Department of Genetics, Stanford University, Stanford, USA.
Department of Bioengineering, University of Washington, Seattle, USA.
Genome Biol. 2022 Nov 5;23(1):232. doi: 10.1186/s13059-022-02799-4.
3'-end processing by cleavage and polyadenylation is an important and finely tuned regulatory process during mRNA maturation. Numerous genetic variants are known to cause or contribute to human disorders by disrupting the cis-regulatory code of polyadenylation signals. Yet, due to the complexity of this code, variant interpretation remains challenging.
We introduce a residual neural network model, APARENT2, that can infer 3'-cleavage and polyadenylation from DNA sequence more accurately than any previous model. This model generalizes to the case of alternative polyadenylation (APA) for a variable number of polyadenylation signals. We demonstrate APARENT2's performance on several variant datasets, including functional reporter data and human 3' aQTLs from GTEx. We apply neural network interpretation methods to gain insights into disrupted or protective higher-order features of polyadenylation. We fine-tune APARENT2 on human tissue-resolved transcriptomic data to elucidate tissue-specific variant effects. By combining APARENT2 with models of mRNA stability, we extend aQTL effect size predictions to the entire 3' untranslated region. Finally, we perform in silico saturation mutagenesis of all human polyadenylation signals and compare the predicted effects of [Formula: see text] million variants against gnomAD. While loss-of-function variants were generally selected against, we also find specific clinical conditions linked to gain-of-function mutations. For example, we detect an association between gain-of-function mutations in the 3'-end and autism spectrum disorder. To experimentally validate APARENT2's predictions, we assayed clinically relevant variants in multiple cell lines, including microglia-derived cells.
A sequence-to-function model based on deep residual learning enables accurate functional interpretation of genetic variants in polyadenylation signals and, when coupled with large human variation databases, elucidates the link between functional 3'-end mutations and human health.

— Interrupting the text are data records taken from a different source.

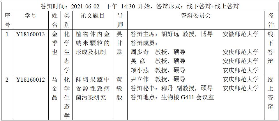 安庆师范老员工命科学公司2021届化员工态学硕士研究生学位论文答辩安排表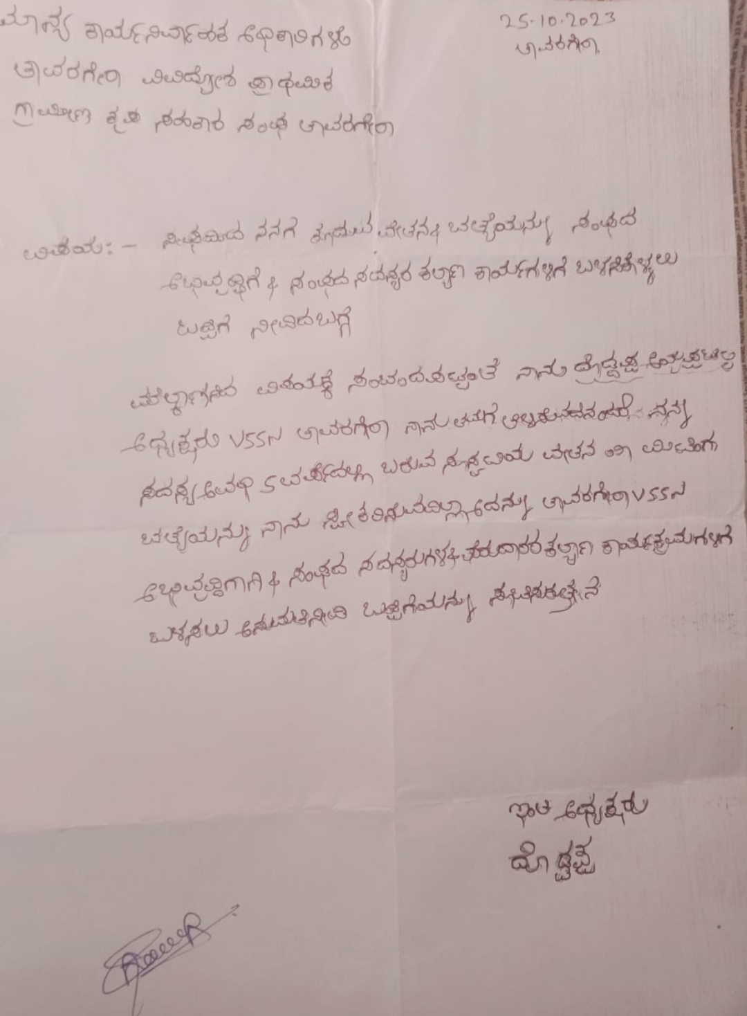 ತಮ್ಮ 5 ವರ್ಷದ ಆಡಳಿತಾವಧಿಯಲ್ಲಿ ಸಿಗುವ ಸೊಸಾಯಿಟಿಯ ವೇತನ ಹಾಗೂ ಪ್ರತಿ ತಿಂಗಳ ಸಭೆಯ ಬತ್ಯೆಯನ್ನು ಸಂಘದ ಅಭಿವೃದ್ಧಿ ಕಾರ್ಯಕ್ಕೆ ಮತ್ತು ಸಂಘದ ಸದಸ್ಯರುಗಳು ಹಾಗೂ ಶೇರುದಾರರ ಕಲ್ಯಾಣ ಕಾರ್ಯಕ್ರಮಗಳಿಗೆ ಬಳಸಿಕೊಳ್ಳಲು ಅನುಮತಿಸಿ ಮನಃಪೂರ್ವಕವಾಗಿ ಒಪ್ಪಿಗೆ ಪತ್ರವನ್ನು ಬರೆದು ಕಾರ್ಯನಿರ್ವಾಹಕ ಅಧಿಕಾರಿಗೆ ಅಕ್ಟೋಬರ್ 25 ರಂದು ಸಲ್ಲಿಸಿರುವುದು ಗಮನ ಸೆಳೆದಿದೆ. ಕುಷ್ಟಗಿ ತಾಲೂಕು ಮುಂಗಾರು, ಹಿಂಗಾರು ಮಳೆ ಕೈಕೊಟ್ಟು ತೀವ್ರ ಬರಗಾಲ ಅನುಭವಿಸುತ್ತಿರುವ ಸಮಯದಲ್ಲಿ ಸಂಘದ ಅಧ್ಯಕ್ಷರು ಈ ನಿರ್ಧಾರಕ್ಕೆ ಬಂದಿರುವುದು ಕೊಪ್ಪಳ ಜಿಲ್ಲೆಯ ಎಲ್ಲಾ ಸೊಸೈಟಿಗಳ ಅಧ್ಯಕ್ಷರು ಹಾಗೂ ನಿರ್ದೇಶಕರುಗಳಿಗೆ ಮಾದರಿಯಾಗಿದ್ದು, ಅಧ್ಯಕ್ಷರ ಈ ನಿರ್ಧಾರಕ್ಕೆ ಶೇರುದಾರರಿಂದ ಮೆಚ್ಚುಗೆ ವ್ಯಕ್ತವಾಗಿದೆ.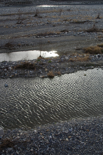 愛知川(えちがわ) 滋賀県東近江市付近 歩けばこそ見える風景が、そこにはある。 湖東コミュニティセンターで開催された、書家・伊藤潤一さんのトークライブを聴きに訪れた帰り、八日市駅へ向かう橋の上から眺めた川が奇麗だったのでシャッターを押してみました。夕陽に照らされた川面と、風が造り出す波紋のシンフォニー。車に乗っていたらこの風景には気づくことができなかったことでしょう。 2014/03/02 写真 愛知川 京都 三重県上野森林公園 御在所 吉野山

通过切割和多聚腺苷酸化进行 3'-末端加工是 mRNA 成熟过程中一个重要且精细调节的调控过程。许多遗传变异已知通过破坏多聚腺苷酸化信号的顺式调控密码而导致或促成人类疾病。然而,由于该密码的复杂性,变异解释仍然具有挑战性。
我们引入了一个残差神经网络模型 APARENT2,该模型可以比以前的任何模型更准确地从 DNA 序列推断 3'-切割和多聚腺苷酸化。该模型可推广到可变数量的多聚腺苷酸化信号的替代多聚腺苷酸化(APA)情况。我们在几个变体数据集上展示了 APARENT2 的性能,包括功能性报告基因数据和 GTEx 中的人类 3' aQTL。我们应用神经网络解释方法来深入了解多聚腺苷酸化的破坏或保护的高阶特征。我们在人类组织解析转录组数据上对 APARENT2 进行微调,以阐明组织特异性变体效应。通过将 APARENT2 与 mRNA 稳定性模型相结合,我们将 aQTL 效应大小预测扩展到整个 3'非翻译区。最后,我们对所有人类多聚腺苷酸化信号进行了计算机模拟饱和诱变,并将 [Formula: see text] 百万个变体的预测效应与 gnomAD 进行了比较。虽然失活功能的变异通常被选择,但我们也发现了与获得性功能突变相关的特定临床情况。例如,我们在自闭症谱系障碍中检测到 3'末端获得性功能突变与疾病的关联。为了实验验证 APARENT2 的预测,我们在包括小神经胶质衍生细胞在内的多个细胞系中检测了临床相关变体。
基于深度残差学习的序列到功能模型能够对多聚腺苷酸化信号中的遗传变异进行准确的功能解释,并且当与大型人类变异数据库结合使用时,可以阐明功能 3'-末端突变与人类健康之间的联系。